::: INPUT MATERIAL
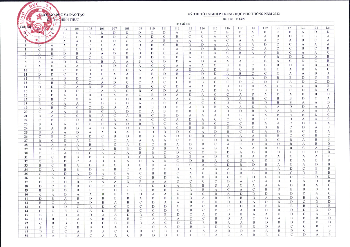 Đáp án chính thức đề thi tốt nghiệp THPT môn Toán năm 2023 Full 24 mã đề:
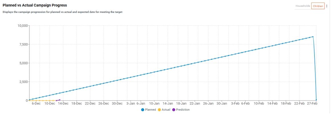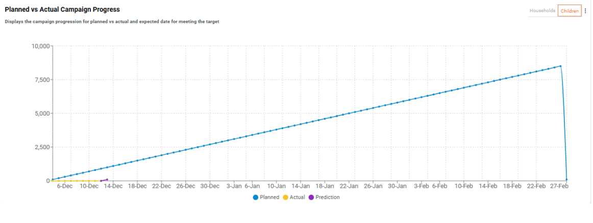 The Prediction Line Chart estimates the number of additional days required to reach the target coverage.
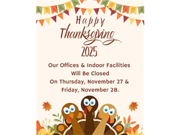 Indoor facilities closed for Thanksgiving holidays
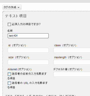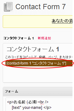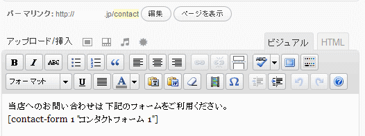 そして本文の所に案内の日本語と[contact-form1 "コンタクトフォーム1"]を入れる
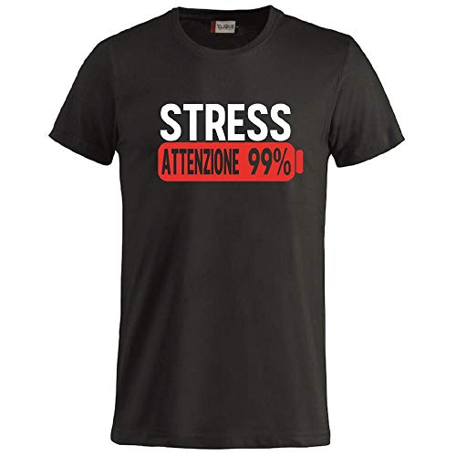 Brollogroup T-Shirt Uomo Stress Attenzione 99% Magliette Simpatiche PS 27431-A002 (4XL, Nero)
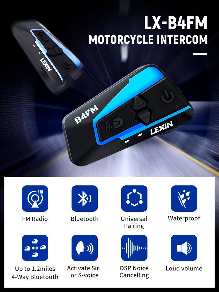 LEXIN, LX-B4FM домофон мотоцикл Bluetooth гарнитура для шлема, для 1-4 всадников С Подавлением Шума и громкий звук, мульти-функции, такие как FM радио, универсальная функция сопряжения и оставшегося заряда аккумулятора.
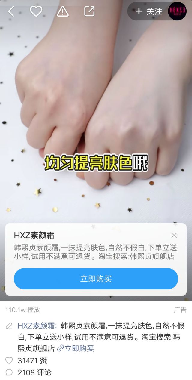 女生化妆时间一般要多久?新零售营销 这是一个来自灵魂的拷问 对于直男的回答:女生化妆超级烦,化个妆都要一个小时,磨磨唧唧,有时候就想薅起来就走,真心受不了! 额......对于这种回答,精致的猪猪女孩恐怕就要上拳头了。 但是化妆真的慢吗?那可能是没有找对化妆方式,没有用对化妆品,刚刚小编在快手广告看到一条化妆品的广告,广告主是韩熙贞(HEXZE),推荐的产品是素颜霜,一起来看看广告案例,顺便学学化妆的简单方法! 广告封面图使用产品图,以一个推荐者的身份亲测为用户安利一款素颜霜,素颜霜可以说是懒人神器,相信化妆很长时间的女孩纸会非常感兴趣。
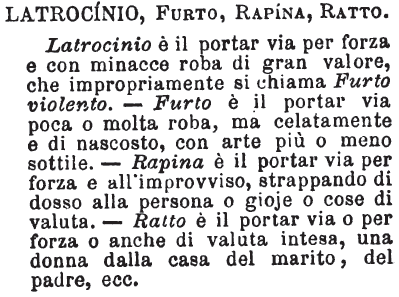 | Latrocinio, Furto, Rapina, Ratto - Latrocinio è il portar via per forza e con minacce roba di gran valore, che impropriamente si chiama Furto violento.- Furto è il portar via poca o molta roba, ma celatamente e di nascosto, con arte più o meno sottile. - Rapina è il portar via per forza e all'improvviso, strappando di dosso alla persona o gioje o cose di valuta. - Ratto è il portar via o per forza o anche di valuta intesa, una donna dalla casa del marito, del padre, ecc. [immagine] |
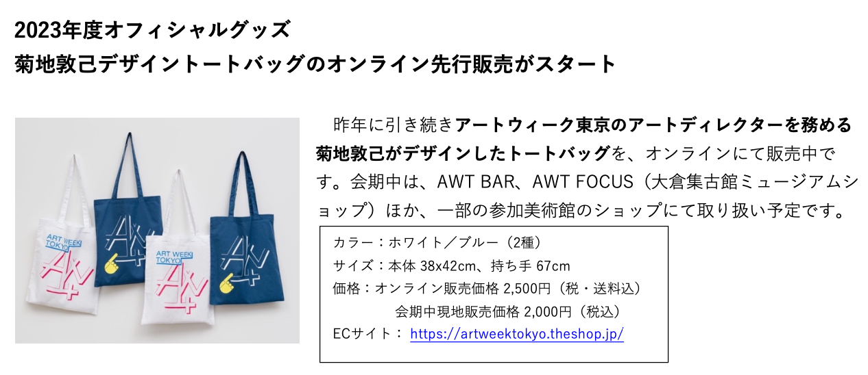 昨年に引き続きアートウィーク東京のアートディレクターを務める菊地敦己がデザインしたトートバッグを、オンラインにて販売中です。会期中は、AWT BAR、AWT FOCUS(大倉集古館ミュージアムショップ)ほか、一部の参加美術館のショップにて取り扱い予定です。
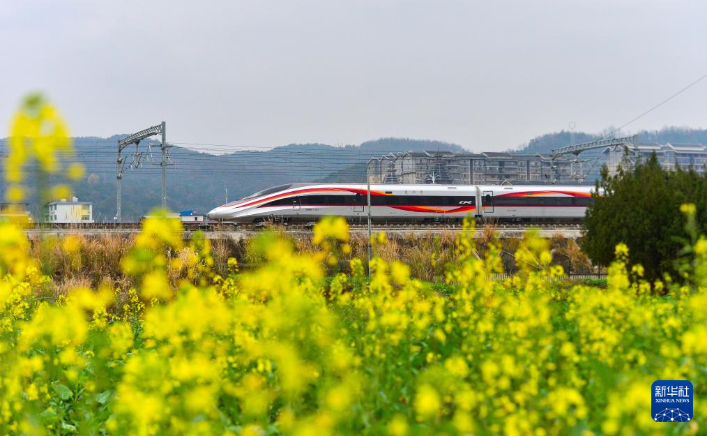 1月9日,一列动车组列车在贵州省从江县境内行驶。新华社发(卢忠南 摄)
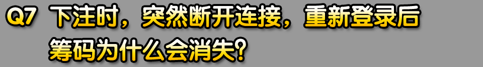 在本游戏中,是不会无故使玩家的筹码消失的。然而您在游戏中突然断开连接,则会以如下方式进行处理。 您的下注信息被传达到服务器时, 如果您在下注后或游戏中突然断开连接,则游戏会根据您的下注信息在服务器中继续进行,此时,会根据游戏的结果,您的筹码会有相应的增加或减少。 您的下注信息未传达到服务器时, 如果您在下注前突然断开连接,则服务器会将您判断为“通过”的状态。此时,无论游戏结果如何,您的筹码都不会有变动。
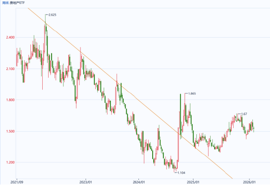因此对应到最近的市场表现来看,房地产板块近期呈现出一定的韧性。尽管未能成为领涨主力,但其周线级别已悄然脱离延续四年的下跌趋势线,整体走势相对稳健。特别是在1月宽基ETF出现显著资金净流出的背景下,以房地产为代表的ETF反而获得资金注入,且今日盘中再一次展现出相当的抗跌性,跌幅小于大盘......随着市场逻辑的转变,资金观察地产的视角可能也将发生改变。
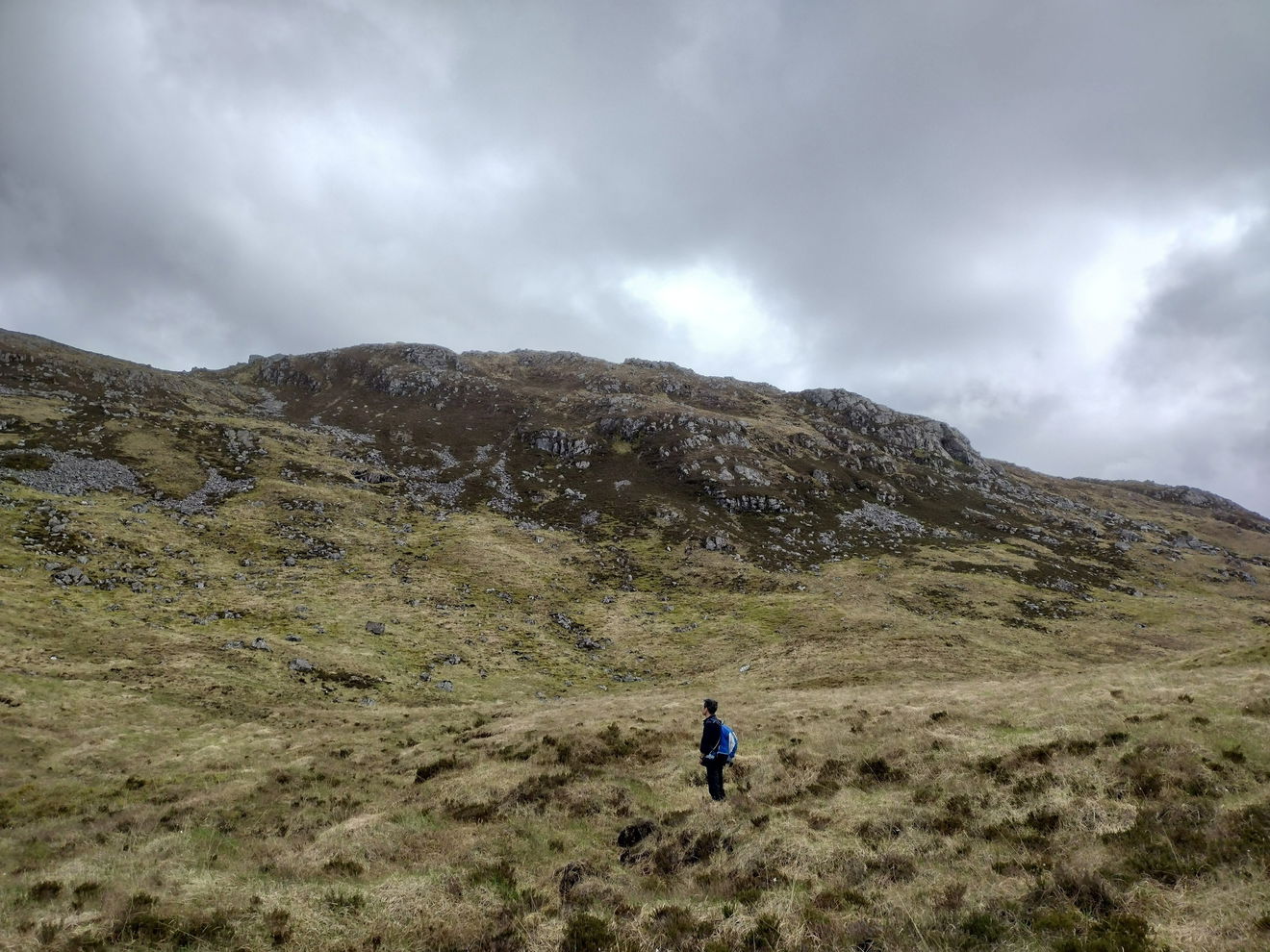 You start your ascent by heading south easterly up the steep grassy slopes, keeping to the left of the large rocky outcrop and scree.
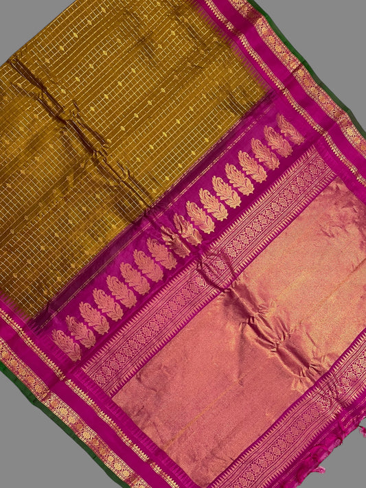 Gadwal Small Checks Butta Burgundy Pure Silk Sarees
::::::
TASK DETAILS. Write down exactly what the lines above say, from the line holding "ecc. [immagine] |" through the line holding "1月9日,一列动车组列车在贵州省从江县境内行驶。新华社发(卢忠南 摄)", and nothing more. Do not copy the pictures.

RESPONSE BOX.
 | Latrocinio, Furto, Rapina, Ratto - Latrocinio è il portar via per forza e con minacce roba di gran valore, che impropriamente si chiama Furto violento.- Furto è il portar via poca o molta roba, ma celatamente e di nascosto, con arte più o meno sottile. - Rapina è il portar via per forza e all'improvviso, strappando di dosso alla persona o gioje o cose di valuta. - Ratto è il portar via o per forza o anche di valuta intesa, una donna dalla casa del marito, del padre, ecc. [immagine] |
 昨年に引き続きアートウィーク東京のアートディレクターを務める菊地敦己がデザインしたトートバッグを、オンラインにて販売中です。会期中は、AWT BAR、AWT FOCUS(大倉集古館ミュージアムショップ)ほか、一部の参加美術館のショップにて取り扱い予定です。
 1月9日,一列动车组列车在贵州省从江县境内行驶。新华社发(卢忠南 摄)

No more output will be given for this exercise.